Бентам утверждал, что учение, которое он впоследствии назвал «утилитаризмом», налагает как на законодателей, так и на отдельных людей обязанность «содействовать всеобщему счастью» — обязанность, которая, по его словам, является «первостепенной по отношению ко всем остальным и включает их в себя». Термином «полезность» он обозначал «[все то, что] имеет тенденцию приносить пользу, выгоду, добро или счастье», причем в его словоупотреблении все эти понятия были синонимами.
Утилитаризм — будь то в версии Бентама или в его более поздних, усложненных вариантах — представляет собой консеквенциалистскую теорию морали: он определяет нравственную ценность исключительно на основе результатов поступков, оставляя в стороне любые вопросы о намерениях действующих лиц или качествах их личного характера. Другие теории морали сосредоточены как раз на двух последних аспектах, однако отличительная черта утилитаристских учений состоит в том, что они измеряют нравственную ценность целиком и полностью по результатам. Бентам и Джон Стюарт Милль, известные вместе как «классические утилитаристы» (хотя последний и развил взгляды Бентама), сходились в том, что счастье — это наивысшее благо, причем счастье каждого отдельного человека равноценно счастью любого другого. Это означает, что деятельность по достижению наибольшего счастья для наибольшего числа людей осуществляется беспристрастно: мотивы любого человека, содействующего этому благу, ничем не отличаются от мотивов любого другого.
Очевидно, что в самой основе этой концепции кроется определенное противоречие. Бентам считал удовольствие и страдание «верховными владыками», которые, по его выражению, «управляют нами во всем, что мы делаем, что мы говорим, о чем мы думаем». Такое воззрение известно как «гедонизм», и по своей сути оно эгоистично или эгоцентрично. Как же эта особенность каждого из нас согласуется с требованием способствовать наибольшему счастью наибольшего числа людей, если мои собственные «верховные владыки» могут побуждать меня действовать так, чтобы извлекать выгоду в ущерб общему счастью?

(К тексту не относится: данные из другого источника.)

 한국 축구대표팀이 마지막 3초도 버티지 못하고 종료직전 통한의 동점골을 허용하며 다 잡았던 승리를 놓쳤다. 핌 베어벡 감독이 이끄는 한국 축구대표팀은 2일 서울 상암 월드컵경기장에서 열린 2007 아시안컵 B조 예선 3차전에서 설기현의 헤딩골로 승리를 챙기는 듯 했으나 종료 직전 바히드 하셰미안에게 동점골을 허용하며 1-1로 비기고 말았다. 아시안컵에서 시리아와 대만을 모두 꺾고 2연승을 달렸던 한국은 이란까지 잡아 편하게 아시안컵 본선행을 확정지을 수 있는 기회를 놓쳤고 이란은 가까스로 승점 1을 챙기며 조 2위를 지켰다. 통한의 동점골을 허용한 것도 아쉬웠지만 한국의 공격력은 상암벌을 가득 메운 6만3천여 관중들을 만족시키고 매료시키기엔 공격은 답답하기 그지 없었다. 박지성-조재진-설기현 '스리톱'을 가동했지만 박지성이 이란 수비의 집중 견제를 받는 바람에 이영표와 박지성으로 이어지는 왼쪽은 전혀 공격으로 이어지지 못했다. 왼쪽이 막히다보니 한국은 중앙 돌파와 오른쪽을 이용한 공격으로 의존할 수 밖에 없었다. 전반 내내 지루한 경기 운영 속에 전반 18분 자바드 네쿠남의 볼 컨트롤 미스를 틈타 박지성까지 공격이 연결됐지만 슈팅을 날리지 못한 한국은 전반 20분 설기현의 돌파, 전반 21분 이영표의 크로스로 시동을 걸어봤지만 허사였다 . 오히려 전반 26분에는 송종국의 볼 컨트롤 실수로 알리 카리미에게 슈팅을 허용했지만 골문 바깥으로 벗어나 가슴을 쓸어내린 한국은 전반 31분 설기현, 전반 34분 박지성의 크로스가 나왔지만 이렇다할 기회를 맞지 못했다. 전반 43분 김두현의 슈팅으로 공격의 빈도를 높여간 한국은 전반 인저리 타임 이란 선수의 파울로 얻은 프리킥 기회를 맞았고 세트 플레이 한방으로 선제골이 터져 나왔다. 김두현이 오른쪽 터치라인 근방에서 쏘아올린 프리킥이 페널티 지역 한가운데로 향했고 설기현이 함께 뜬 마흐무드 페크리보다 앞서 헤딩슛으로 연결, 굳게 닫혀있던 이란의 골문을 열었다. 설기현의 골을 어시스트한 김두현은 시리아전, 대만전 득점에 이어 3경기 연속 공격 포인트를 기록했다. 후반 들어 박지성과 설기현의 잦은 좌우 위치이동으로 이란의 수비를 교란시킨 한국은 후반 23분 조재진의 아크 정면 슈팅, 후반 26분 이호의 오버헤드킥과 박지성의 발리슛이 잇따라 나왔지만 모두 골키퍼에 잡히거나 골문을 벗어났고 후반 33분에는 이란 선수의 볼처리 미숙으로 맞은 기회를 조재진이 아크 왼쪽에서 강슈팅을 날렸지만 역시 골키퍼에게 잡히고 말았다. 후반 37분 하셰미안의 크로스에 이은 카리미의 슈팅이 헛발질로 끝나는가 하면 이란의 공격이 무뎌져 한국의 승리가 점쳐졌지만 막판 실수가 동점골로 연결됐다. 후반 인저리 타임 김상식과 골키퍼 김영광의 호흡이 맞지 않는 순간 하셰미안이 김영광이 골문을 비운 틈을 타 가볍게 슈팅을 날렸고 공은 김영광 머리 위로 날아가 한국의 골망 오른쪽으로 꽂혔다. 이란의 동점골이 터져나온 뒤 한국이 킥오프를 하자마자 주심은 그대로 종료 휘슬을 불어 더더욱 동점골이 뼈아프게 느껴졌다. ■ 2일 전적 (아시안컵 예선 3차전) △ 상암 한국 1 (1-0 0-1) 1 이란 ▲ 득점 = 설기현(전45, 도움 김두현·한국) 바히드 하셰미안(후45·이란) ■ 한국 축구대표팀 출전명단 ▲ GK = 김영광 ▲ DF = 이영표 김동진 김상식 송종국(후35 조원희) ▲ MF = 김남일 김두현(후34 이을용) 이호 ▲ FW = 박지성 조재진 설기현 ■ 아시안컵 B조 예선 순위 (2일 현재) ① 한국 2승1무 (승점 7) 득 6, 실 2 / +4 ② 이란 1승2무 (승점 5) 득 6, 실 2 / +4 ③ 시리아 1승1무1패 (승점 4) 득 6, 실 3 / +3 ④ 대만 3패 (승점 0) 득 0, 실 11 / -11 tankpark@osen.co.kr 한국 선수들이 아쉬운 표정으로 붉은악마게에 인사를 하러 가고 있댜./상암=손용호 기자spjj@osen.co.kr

Бентам пытался преодолеть это затруднение разными способами. Один из них состоял в утверждении, что мы способствуем собственному счастью, принося как можно больше счастья окружающим. Другой, более правдоподобный, заключался в том, чтобы умерить гедонистический подход и признать, что иногда мы действуем из искреннего благожелательства к другим людям. Некоторые теоретики действительно пытались сделать правилом поведения «разумный эгоизм», однако на пути к признанию этой концепции стоят два препятствия: во-первых, эмпирический факт, что мы порой действительно действуем в интересах других людей в ущерб себе, а во-вторых, неприятный осадок, оставляемый мыслью о том, что в конечном счете все наши поступки продиктованы лишь корыстью.

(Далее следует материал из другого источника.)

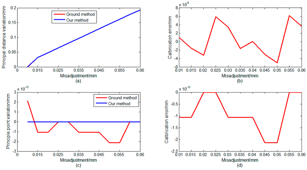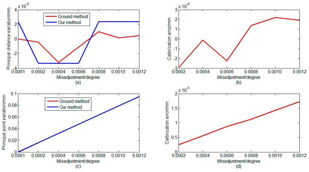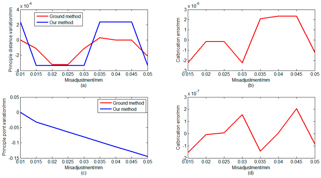 These results are due to the translation of the ZSm2 mirror away from the optical axis direction and also the inclination toward the optical axis direction. These cases can be equivalent to a mismatch between the primary mirror and secondary mirror in on-orbit working conditions. These phenomena happen during on-orbit dynamic imaging. As shown in Figure 8 and Figure 9, the error is less than 1 μm under the different maladjustments, this is acceptable. Table 1 and Figure 7, Figure 8 and Figure 9 show that our method can accurately calibrate the variation of the principal distance of the principal point. In Figure 7, Figure 8 and Figure 9, the calibration error is the difference between the two methods. In Figure 9, the calibration error shows a linear growth because the larger maladjustments make larger deformations of the optical system and the images. Compared with the error in the on-ground method, the error in our method is less than 1 μm.

Хотя Бентам и находился под влиянием Юма, он отверг его моральную психологию. Юм полагал, что поступки раскрывают характер человека, и считал именно характер главным объектом морального интереса. Для того, кто стремился применять мораль к реальной общественной жизни (а Бентам стремился именно к этому), категория характера была слишком субъективной, чтобы приносить практическую пользу. Лишь сами люди знают свои намерения и желания, но даже для них самих мотивы собственных действий нередко остаются туманными. Как это может помочь нам судить о том, что правильно, а что нет? Бентам искал более практическое основание.
Покровителем Бентама был первый маркиз Лансдаун, видный политик-виг, который познакомил Бентама с женевским эмигрантом Этьеном Дюмоном, служившим воспитателем сыновей Лансдауна. Именно Дюмону Бентам обязан своей европейской славой, поскольку тот перевел ряд его рукописей на французский язык и опубликовал их в трех томах под названием «Traités de législation civile et pénale» (1802); первые два тома которых гораздо позже были переведены обратно на английский язык как «The Theory of Legislation» (1840).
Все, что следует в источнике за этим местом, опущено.